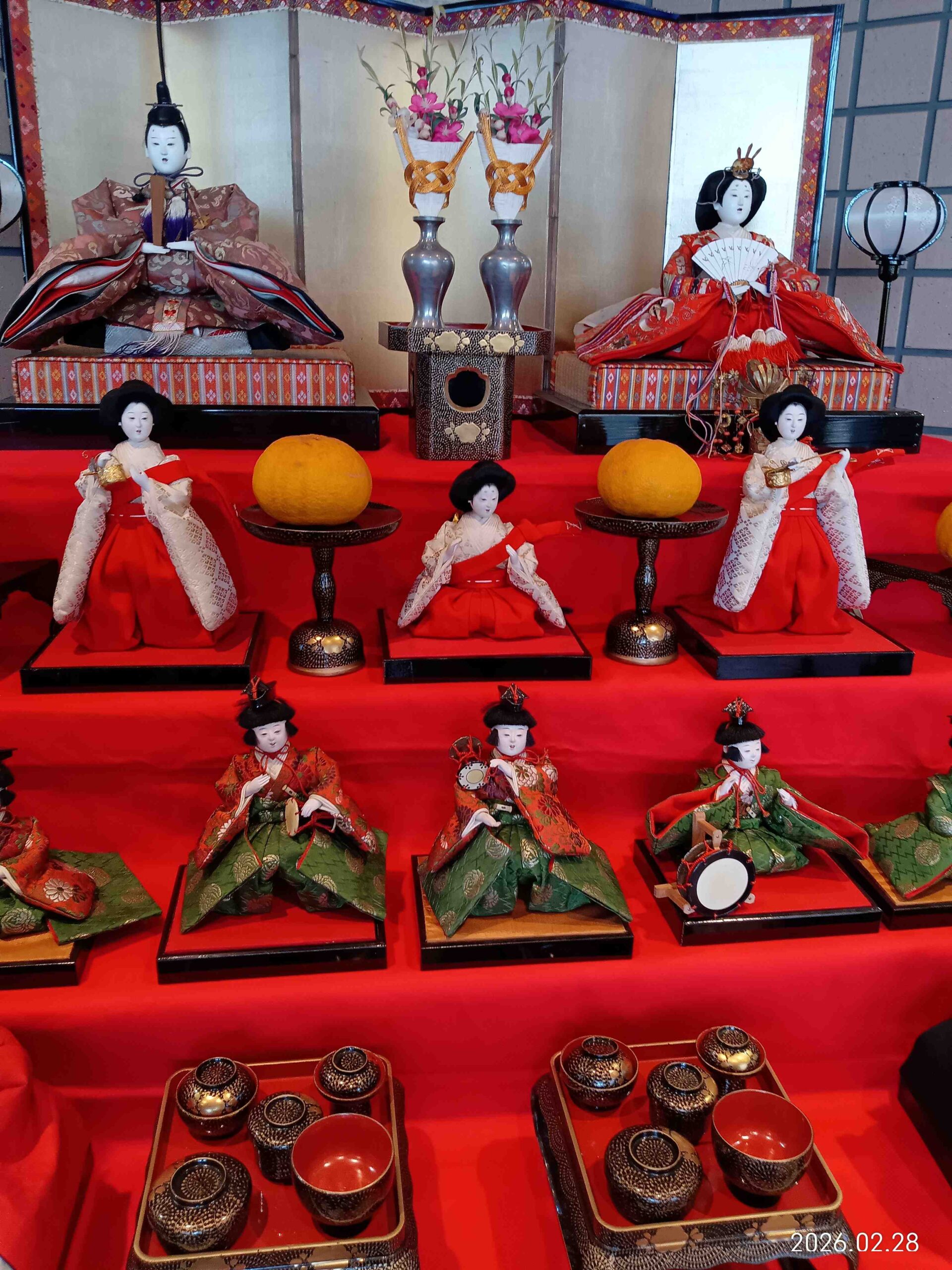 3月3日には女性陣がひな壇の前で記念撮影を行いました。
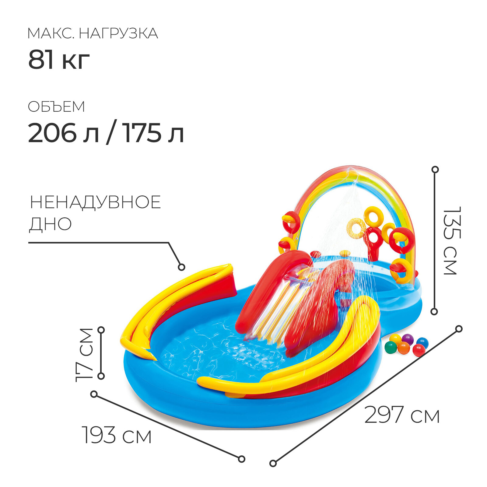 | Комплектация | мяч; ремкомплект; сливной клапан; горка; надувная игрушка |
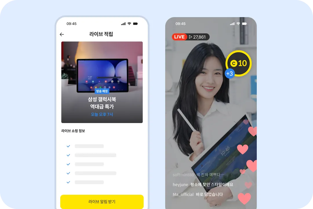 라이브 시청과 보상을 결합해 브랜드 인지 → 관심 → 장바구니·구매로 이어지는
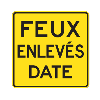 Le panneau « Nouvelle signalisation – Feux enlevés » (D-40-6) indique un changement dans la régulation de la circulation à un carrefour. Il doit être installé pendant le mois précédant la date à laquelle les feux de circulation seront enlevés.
────────
-- Your task --
Every line of the data above is to be set down word for word, with the pictures left out.

-- Finished exercise --
 3月3日には女性陣がひな壇の前で記念撮影を行いました。
 | Комплектация | мяч; ремкомплект; сливной клапан; горка; надувная игрушка |
 라이브 시청과 보상을 결합해 브랜드 인지 → 관심 → 장바구니·구매로 이어지는
 Le panneau « Nouvelle signalisation – Feux enlevés » (D-40-6) indique un changement dans la régulation de la circulation à un carrefour. Il doit être installé pendant le mois précédant la date à laquelle les feux de circulation seront enlevés.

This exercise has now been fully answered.